Time Series Forecasting with Transformers: Informer Architecture Lecture

Introduction

The lecture explores the application of Transformer architecture for time series forecasting using the Informer architecture.
Personal analogy: Using historical data for personal finance management.
The lecture is divided into three main parts: What, Why, and How of Time series forecasting with Transformers.

Components: Encoder and Decoder.
Originally for sequence-to-sequence problems (like language translation).
Process:
- Input sequence (e.g., English words) passed to the encoder.
- Encoder generates vector representations.
- Decoder uses these vectors and a start token to generate the output sequence.

Forward Pass:
- Time series data inputted to the encoder.
- Encoder generates embedding vectors.
- Embeddings passed to the decoder along with input samples for simultaneous timestamp data generation.

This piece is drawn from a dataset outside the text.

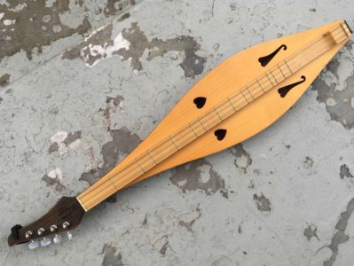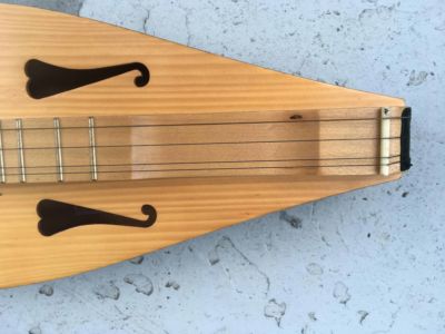 Its strung in three courses: two single-strung; one double-strung, with the doubled course being the highest-pitched (melody) course, and is played exclusively in the diatonic scale. You can fret with your fingers, or use a wooden dowel, which gives it more of a “zingy” zither-like sound. The frets are arranged in a diatonic scale, in contrast to instruments like the guitar or banjo, which are fretted chromatically. Usually six frets, this one has an additional fret, usually the so-called “six and a half,” “6½” or “6+” fret a half step below the octave. This enables one to play in the Ionian mode when tuned to D3-A3-D4 (the traditional tuning for the Mixolydian or “mountain modal” mode), where the scale starts on the open (unfretted) string. This arrangement is often found to be more conducive to chord-melody play. Its also common to add a fret one octave up from the 6+ fret, called the “13+” fret, on more expensive instruments.

Quadratic Computation of Self-attention:
- Self-attention compares all data points, leading to quadratic operations.
- Informer uses prob sparse self-attention to reduce complexity from O(n²) to O(n log n).
Memory Bottleneck:
- Stacking encoder layers consumes significant memory.
- Distillation process extracts active data points to reduce memory usage.
Speed Plunge in Long Output Prediction:
- Original Transformers predict one time step at a time.
- Informer uses generative inference for simultaneous predictions.

Encoding Process:
- Multi-head prob sparse self-attention for detecting correlations.
- Distillation reduces active data set size, facilitating easier layer stacking.
Decoding Process:
- Utilizes a masked multi-head prob sparse attention.
- Outputs generated through a generative inference process.

Loss Calculation:
- Mean squared error of predicted time steps is calculated.
- Loss is backpropagated through the network for model updates.

Transformer Limitations: Self-attention's computation, memory bottleneck, and speed issues.
Informer Solutions:
- Prob sparse attention for reduced computation.
- Distillation for memory efficiency.
- Generative inference for fast predictions.

Quizzes: Engages students in identifying differences and advantages of the Informer over traditional Transformers.